**WHAT TO DO:** Write the data out again, character for character, with no images.

**DATASET EXTRACT:**
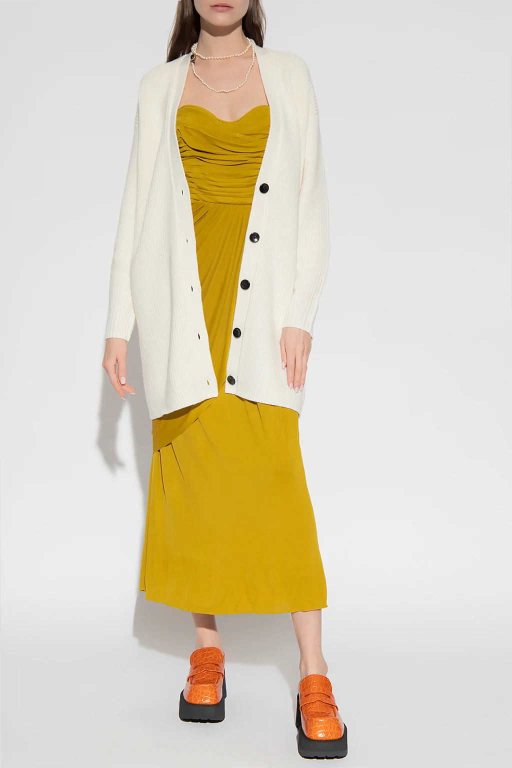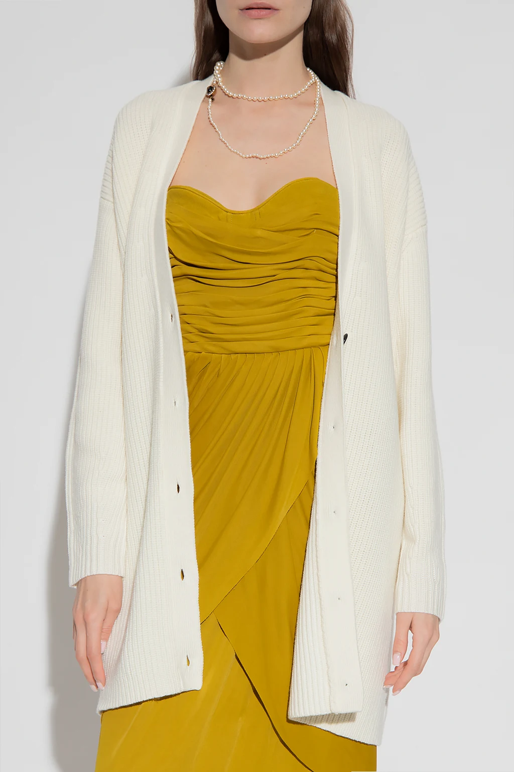 Kremowy kardigan o luźny kroju Proenza Schouler White Label. Wykonany z wełny. Zapinany na guziki. Długie rękawy.
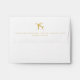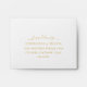 Elegant gold world map response or rsvp envelope with printed mailing address and aeroplane design. Fonts and text colour can be changed to match your destination wedding, beach wedding, travel, journey or "around the world" theme party invitations and save the dates. Gold is a printed effect, not real foil. Visit the Custom Paper Works Zazzle designer shop for coordinating items and more sizes and colour variations.
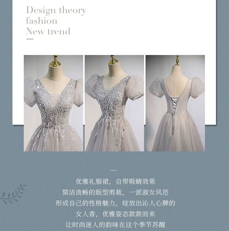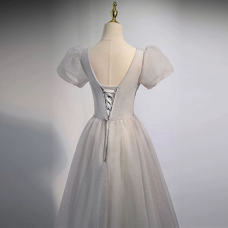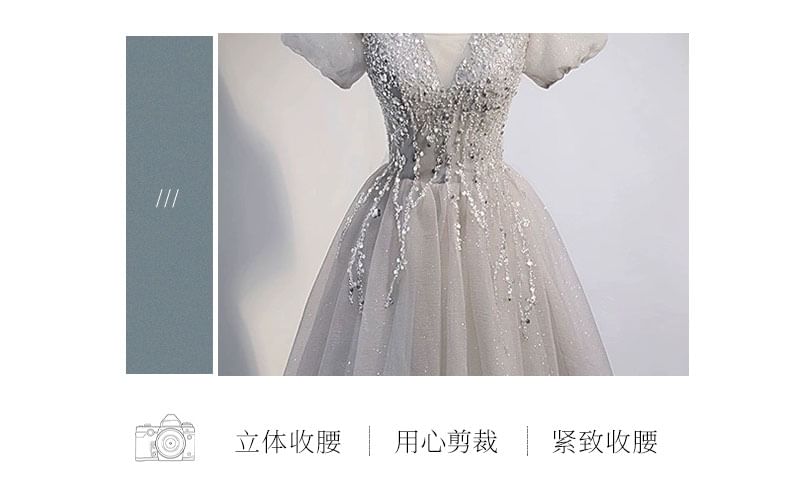 Puff-Sleeve V-Neck Plain Sequin Open Back Mesh A-Line Evening Gown

**RESPONSE TO THE EXERCISE:**
 Kremowy kardigan o luźny kroju Proenza Schouler White Label. Wykonany z wełny. Zapinany na guziki. Długie rękawy.
 Elegant gold world map response or rsvp envelope with printed mailing address and aeroplane design. Fonts and text colour can be changed to match your destination wedding, beach wedding, travel, journey or "around the world" theme party invitations and save the dates. Gold is a printed effect, not real foil. Visit the Custom Paper Works Zazzle designer shop for coordinating items and more sizes and colour variations.
 Puff-Sleeve V-Neck Plain Sequin Open Back Mesh A-Line Evening Gown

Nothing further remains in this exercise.